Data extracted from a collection
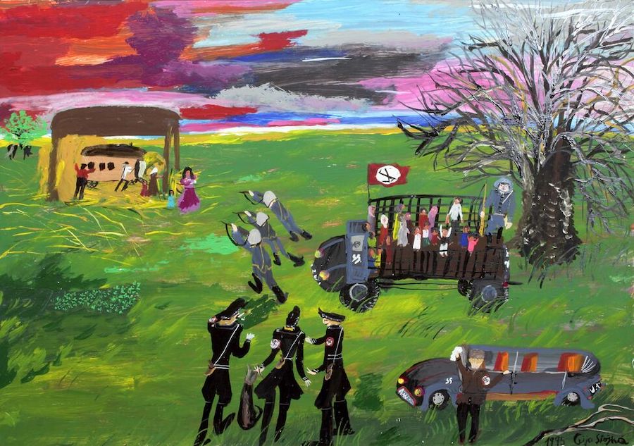 Ceija lived a post-traumatic silence for four decades. In the nineties of the last century, through writings, drawings and paintings, he recounted, especially through colors and symbols, his happy life before Nazism, the hunting of his family and his clan, the Lovara, of whom only five of the more than two hundred and fifty survived before the Porrajmos (holocaust).
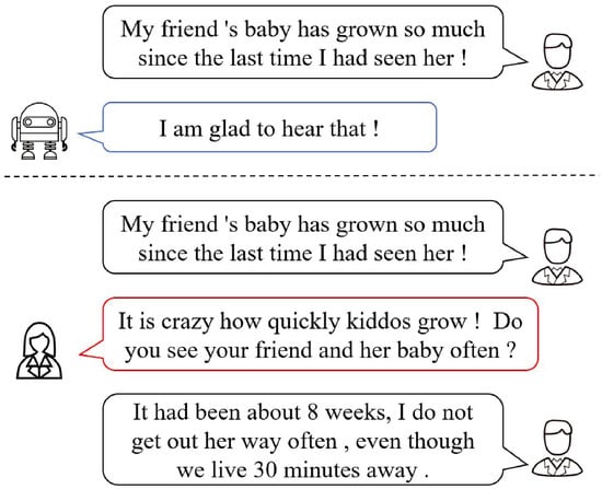 The critical components in empathetic response generation encompass the ability to perceive, comprehend, and respond to the user’s conversational state, as well as the facilitation of sustained dialogue. Recent studies have sought to cultivate empathy by integrating external knowledge such as commonsense knowledge and emotional vocabulary knowledge to augment the expression of empathy. However, two main challenges exist. (1) These methods rely on discrete sentiment words within utterances to identify and convey emotions, overlooking the continuous emotional transitions of users in context. This oversight may result in biased evaluations of users’ emotional needs. (2) Existing methods demonstrate the limited ability to understand and process semantic information, leading to the generation of less engaging responses. Consequently, human–computer dialogue lacks the sustainability observed in human-to-human interactions. As illustrated in Figure 1, the response “I am glad to hear that!” indicates that the dialogue system does not understand the user’s emotion properly, which is also not conducive to an ongoing dialogue.
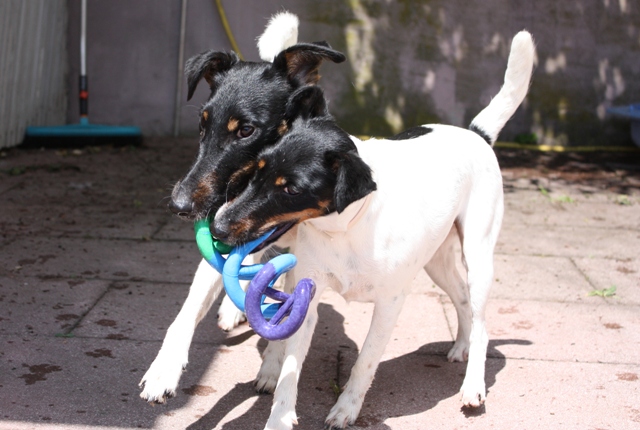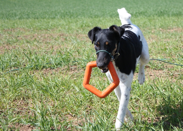 Lektion 4 für Darin: Spiel mit Menschen bedeutet Spaß - Lerneffekt: Zerren ist toll und auf "Aus" geht's meist auch weiter mit dem Spiel! Nach zweimaligen Schleuder-Spielen bringt Darin das Gummi-Spieli freudig, voher lief er damit weg. Fazit: sein Knurren wurde als Aggression gedeutet, war aber Spielaufforderung.
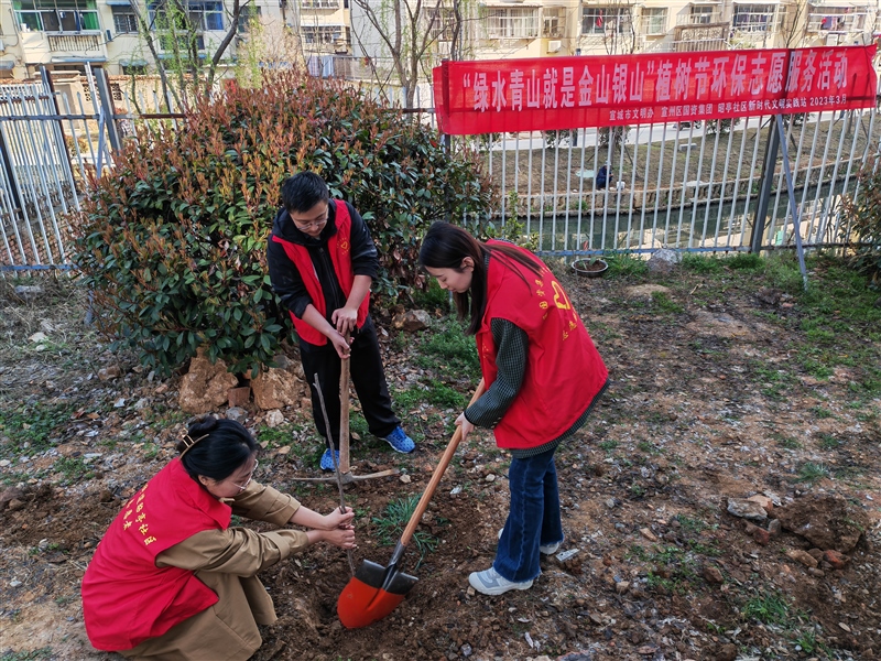 為弘揚雷鋒精神,踐行綠色環(huán)保的發(fā)展理念,3月10日上午,宣州區(qū)國資集團黨支部、團支部與市文明辦、昭亭社區(qū)在網(wǎng)格小區(qū)西林名都開展“綠水青山就是金山銀山”植樹節(jié)環(huán)保志愿服務活動。
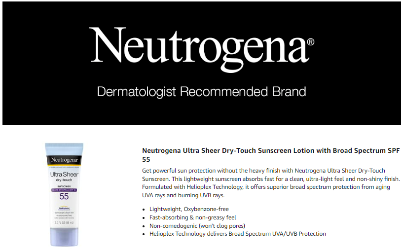 Get powerful sun protection without the heavy finish with Neutrogena Ultra Sheer Dry-Touch Face and Body Sunscreen. This lightweight Broad Spectrum SPF 55 sunscreen lotion for sunburn protection with Dry-Touch technology absorbs fast for a clean feel and non-shiny finish. This sunscreen is formulated with Helioplex Technology, which offers superior broad spectrum protection from skin-aging UVA rays and skin-burning UVB rays. The oxybenzone free sunscreen is fast-absorbing, lightweight and water-resistant up to 80 minutes. The non-greasy sunscreen lotion formula is non-comedogenic and PABA-free leaving a clean feel on skin. Protect yourself as you get your daily dose of sunshine. Apply the dry touch sunscreen for face and body 15 minutes before sun exposure and reapply after 80 minutes swimming or sweating, after towel drying, and at least every two hours.
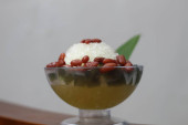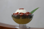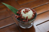 Es Kacang Merah or a cold drink made from red beans boiled with brown sugar served with coconut milk, shaved ice and covered with sweetened condensed milk chocolate and syrup. Indonesian traditional food photo concept.
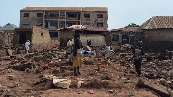 A general view of damaged buildings in Mokwa. Photo / AFP
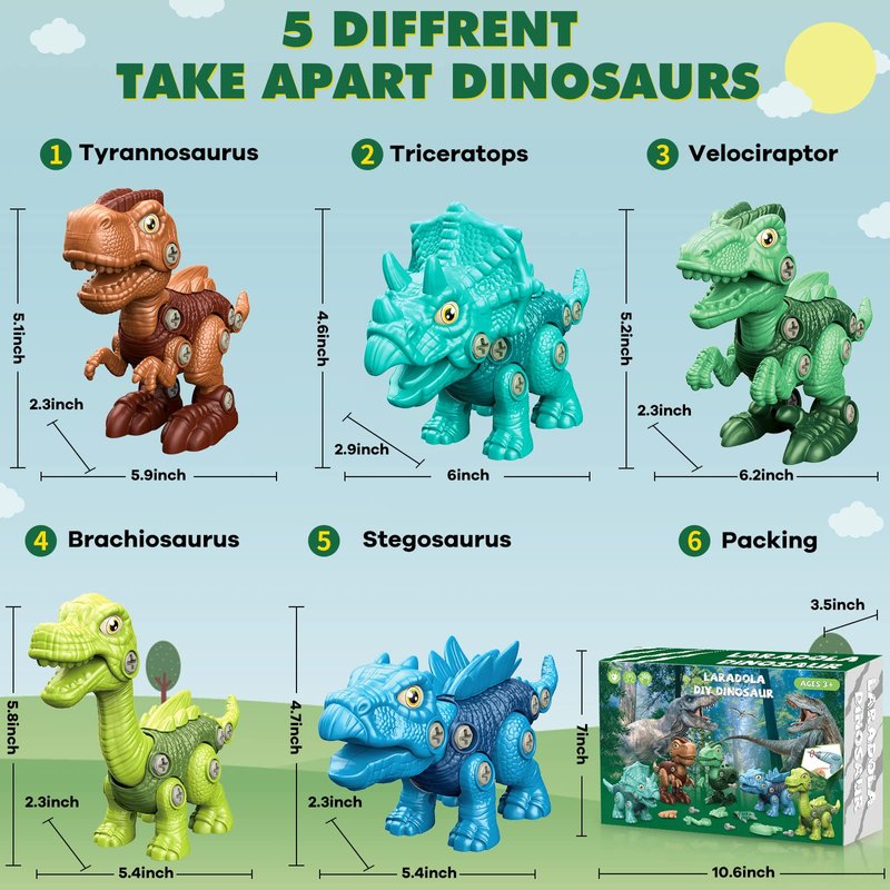 - 【Quality That Will Last for Years】 Unlike other take apart dinosaur toys we use high-quality, non-toxic, and recyclable ABS plastic that is good resistant, which is enough to withstand any dinosaur adventure. And the edges and corners have been specially treated, providing adequate protection for little hands during the assembly.
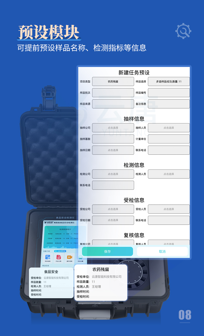 *6、儀器具有任務(wù)預(yù)設(shè)模塊,可在樣品送檢前提前預(yù)設(shè)樣品名稱、檢測指標(biāo)、送檢單位等信息,樣品送檢時一鍵調(diào)取保存信息,檢測更加方便快捷。
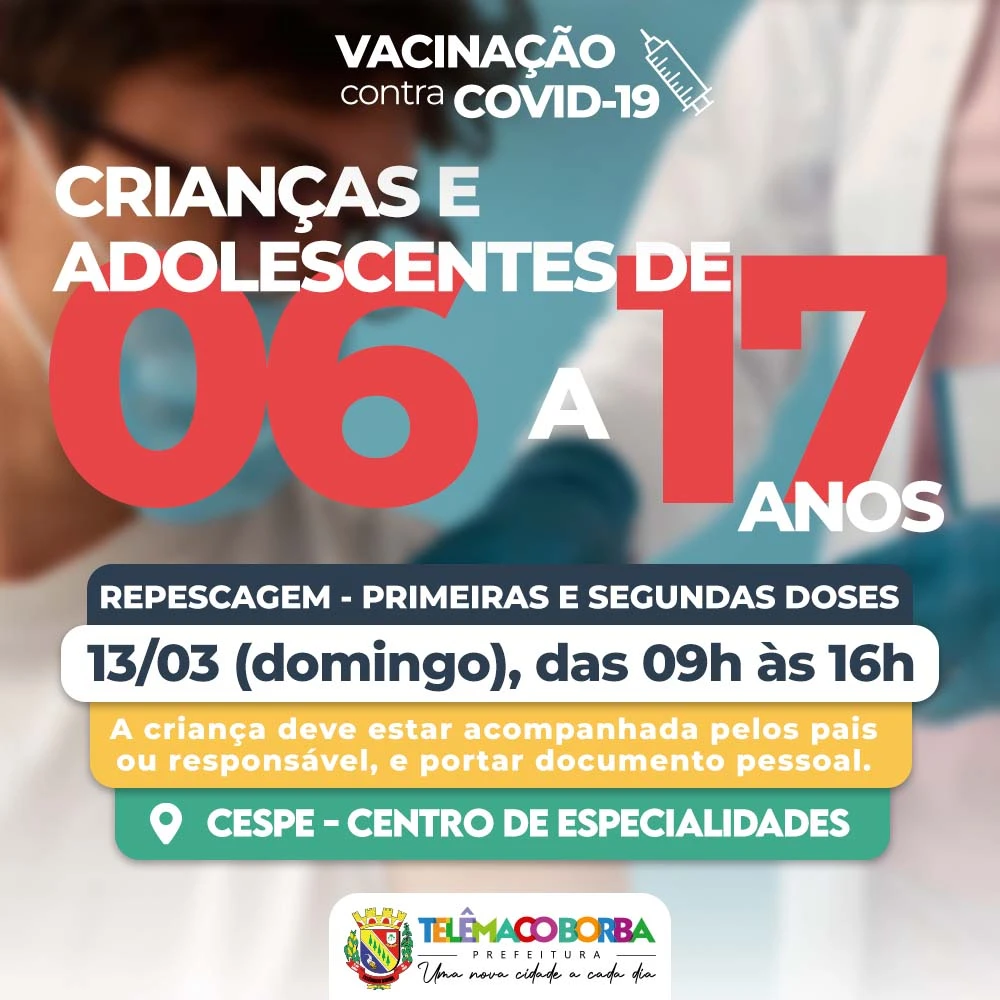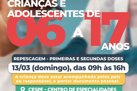 COM ASSESSORIAS - A Secretaria Municipal de Saúde realiza no domingo (13) uma repescagem para crianças de 06 a 11 anos que ainda não tomaram a primeira dose da vacina contra a Covid-19 também para as que estão no prazo para a segunda dose. A vacinação será feita das 09 às 16 horas no Centro de Especialidades (CESPE).

What to do = Generate a word-for-word copy of the preceding records, excluding all pictures.

Solution to the exercise =
 Ceija lived a post-traumatic silence for four decades. In the nineties of the last century, through writings, drawings and paintings, he recounted, especially through colors and symbols, his happy life before Nazism, the hunting of his family and his clan, the Lovara, of whom only five of the more than two hundred and fifty survived before the Porrajmos (holocaust).
 The critical components in empathetic response generation encompass the ability to perceive, comprehend, and respond to the user’s conversational state, as well as the facilitation of sustained dialogue. Recent studies have sought to cultivate empathy by integrating external knowledge such as commonsense knowledge and emotional vocabulary knowledge to augment the expression of empathy. However, two main challenges exist. (1) These methods rely on discrete sentiment words within utterances to identify and convey emotions, overlooking the continuous emotional transitions of users in context. This oversight may result in biased evaluations of users’ emotional needs. (2) Existing methods demonstrate the limited ability to understand and process semantic information, leading to the generation of less engaging responses. Consequently, human–computer dialogue lacks the sustainability observed in human-to-human interactions. As illustrated in Figure 1, the response “I am glad to hear that!” indicates that the dialogue system does not understand the user’s emotion properly, which is also not conducive to an ongoing dialogue.
 Lektion 4 für Darin: Spiel mit Menschen bedeutet Spaß - Lerneffekt: Zerren ist toll und auf "Aus" geht's meist auch weiter mit dem Spiel! Nach zweimaligen Schleuder-Spielen bringt Darin das Gummi-Spieli freudig, voher lief er damit weg. Fazit: sein Knurren wurde als Aggression gedeutet, war aber Spielaufforderung.
 為弘揚雷鋒精神,踐行綠色環(huán)保的發(fā)展理念,3月10日上午,宣州區(qū)國資集團黨支部、團支部與市文明辦、昭亭社區(qū)在網(wǎng)格小區(qū)西林名都開展“綠水青山就是金山銀山”植樹節(jié)環(huán)保志愿服務活動。
 Get powerful sun protection without the heavy finish with Neutrogena Ultra Sheer Dry-Touch Face and Body Sunscreen. This lightweight Broad Spectrum SPF 55 sunscreen lotion for sunburn protection with Dry-Touch technology absorbs fast for a clean feel and non-shiny finish. This sunscreen is formulated with Helioplex Technology, which offers superior broad spectrum protection from skin-aging UVA rays and skin-burning UVB rays. The oxybenzone free sunscreen is fast-absorbing, lightweight and water-resistant up to 80 minutes. The non-greasy sunscreen lotion formula is non-comedogenic and PABA-free leaving a clean feel on skin. Protect yourself as you get your daily dose of sunshine. Apply the dry touch sunscreen for face and body 15 minutes before sun exposure and reapply after 80 minutes swimming or sweating, after towel drying, and at least every two hours.
 Es Kacang Merah or a cold drink made from red beans boiled with brown sugar served with coconut milk, shaved ice and covered with sweetened condensed milk chocolate and syrup. Indonesian traditional food photo concept.
 A general view of damaged buildings in Mokwa. Photo / AFP
 - 【Quality That Will Last for Years】 Unlike other take apart dinosaur toys we use high-quality, non-toxic, and recyclable ABS plastic that is good resistant, which is enough to withstand any dinosaur adventure. And the edges and corners have been specially treated, providing adequate protection for little hands during the assembly.
 *6、儀器具有任務(wù)預(yù)設(shè)模塊,可在樣品送檢前提前預(yù)設(shè)樣品名稱、檢測指標(biāo)、送檢單位等信息,樣品送檢時一鍵調(diào)取保存信息,檢測更加方便快捷。
 COM ASSESSORIAS - A Secretaria Municipal de Saúde realiza no domingo (13) uma repescagem para crianças de 06 a 11 anos que ainda não tomaram a primeira dose da vacina contra a Covid-19 também para as que estão no prazo para a segunda dose. A vacinação será feita das 09 às 16 horas no Centro de Especialidades (CESPE).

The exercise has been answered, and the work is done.